Hema - 10 points from the call

All,

Hema had a few comments today that stood out to us:

1) The new distribution centre will be taken over in February. But it seems that much of the business it is designed to handle (Franprix, Jumbo, online) will only ramp up over the coming 1.5 years. So it will likely weigh further on margins for some time. 

2) Management used the words: 2020 will be “very much a transition year”. That does not sound good at all.

3) The Q4 WC benefit from “saving" one VAT payment (+ other related payments) will be around E35m.

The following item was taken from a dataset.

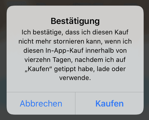 Das Widerrufsrecht besteht nicht, wenn Du ausdrücklich zugestimmt hast, dass die Lieferung beginnt und Du Dein Widerrufsrecht verlierst. Apple blendet dazu (nach eigenen Kriterien, auf die wir keinen Einfluss haben) beim Abo-Abschluss manchen Nutzer:innen dieses (oder ein vergleichbares) Popup ein:

We had assumed only E20m.

4) The payment for the 17 stores to be gradually transferred to Jumbo will be made in the “near term”, which sounded like this year.

5) Ramphastos will apparently not be repaying the PIK until June 2020. So that issue will remain with us for some time longer. Also the company’s inability to surround that news bite with any further colour feels a little unfortunate. 

6) The WC benefit in Q3 is here to stay and to a large extent owed to the annualisation of the shorter payment terms introduced in Q318.

7) Staff costs should begin to see a tangible benefit from the new CLA agreement in Q4 and going forward. But overall we are likely going to increase our estimate for staff costs for 2020, both as a result of the new DC centre and due to management’s sheer unwillingness to provide us with any estimate of the expense. The switch to the bigger national CLA will only occur in late 2020, early 2021.

8) Embedded in Hema’s GP margins is a trade off between higher FX costs and lower buy-in margins. Hence the improvement.

9) With the targeted 2-10 m2 isle space Hema is to take at Jumbo and Jumbo’s average sales / sqm of E10k p.a., we estimate sales of E20m p.a. or GM = EBITDA potential of E9m, to be ramped up between H220 and H121.

10) Thus far Hema have realised cost savings of some E7m out of the E20m targeted.